A page-turning novel is the sort of thing that brings a sense of accomplishment and satisfaction. You feel pleased about finishing the work so quickly, and every now and then you feel as if what you’ve read was genuinely good. Such a find is rare these days, as most book shelves are flooded with mediocre and cookie cutter pieces.

In the case of Sarah Dunant’s Birth of Venus, the opinion of whether or not it is a page turner relies on the matter of taste and preference.

The story details the growth and self-discovery of Alessandra, a daughter of a fabric merchant in Renaissance Florence. In a time where a woman’s individuality was compromised, the heroine shines through as she takes life in stride, most importantly, on her own terms. Immersed in her artwork, Alessandra begins her development after a young painter, employed by her father, comes to her home, connecting her with the moving qualities found in art, and in life.

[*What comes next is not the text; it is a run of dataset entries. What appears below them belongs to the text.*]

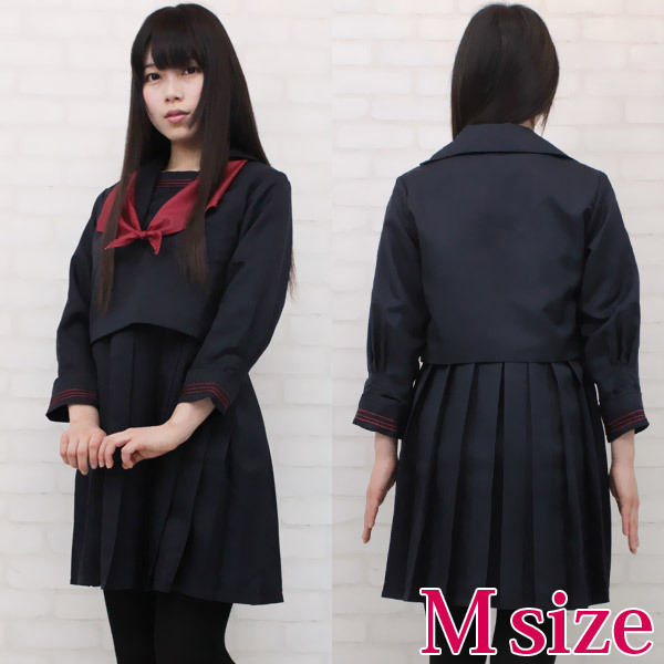 赤のラインがキュート!珍しいジャンパースカートタイプのセーラー服(M)。
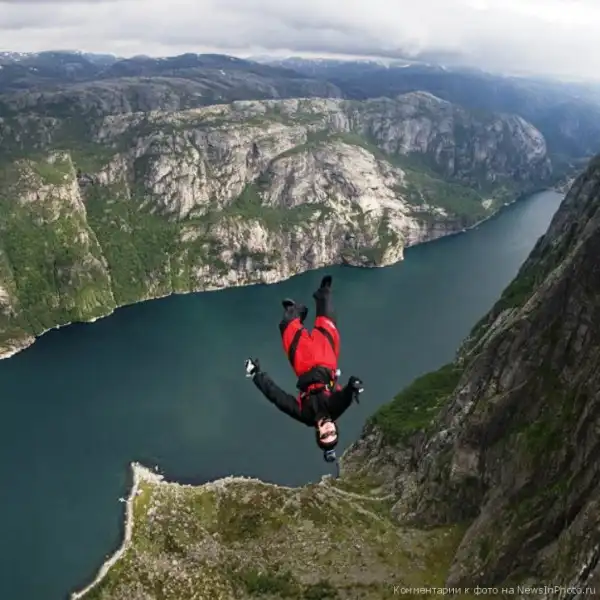 На этих фотографиях запечатлены новые прыжки бэйсджамперов британской команды ProBASE с плато Кьёраг в Норвегии. От обычного парашютного спорта прыжки с «базы» отличаются большей долей экстрима, ведь расстояние до земли гораздо меньше и за это время нужно успеть насладиться секундами свободного полета и к тому же вовремя раскрыть парашют.
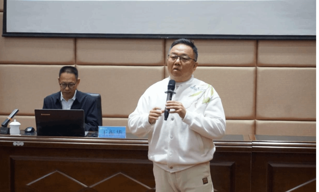 为启发学生创新思维,助推创业梦想,3月31日19点30分,城市艺术与创意学院于办公楼二楼报告厅举办就业创业大讲堂系列活动。本次活动邀请到了文化和旅游部优秀专家、泰山产业领军人才、山东省动漫行业协会会长、世博华创集团董事长王振华先生为主讲人,发表以《从创业到生意—中华优秀传统文化“两创”途径》为主题的演讲。
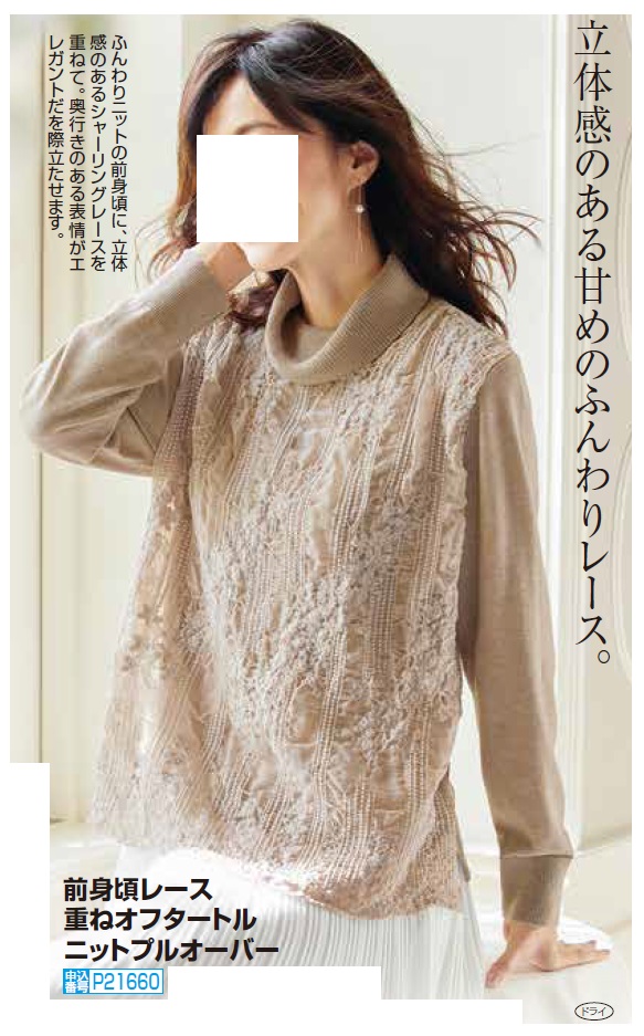 前身頃レース重ねオフタートルニットプルオーバー ベージュ系 タートルネック 長袖 レディース 婦人服 ミセス シニア 女性 かわいい フェミニン 上品 とっくり ハイネック シニアファッション 50代 60代 70代 80代 母の日 ギフト プレゼント 敬老の日 ギフト プレゼント
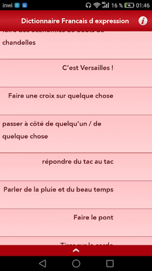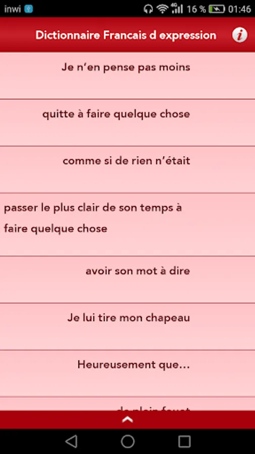 the application is free and easy to use with a good design and a random list of phrases to always find new phrases and definitions and to learn authentic French.

Personally, I feel that getting historical fiction right is a rare occurrence, but I mostly read non-fiction and classic literature. However, Dunant does make a commendable effort, recreating Renaissance Florence with vibrant texture. Her use of language in describing Alessandra’s emotions is lovely, but the relationships between her and other characters can get a bit tricky and inconsistent. Granted, the plot twists are a nice touch, but I felt my interest slipping at times. There are many underlying themes, many of which connect to religion in relation to self-discovery. In addition, motifs of art in many mediums, ranging from fabric to flesh, are present. All in all, a worthwhile read.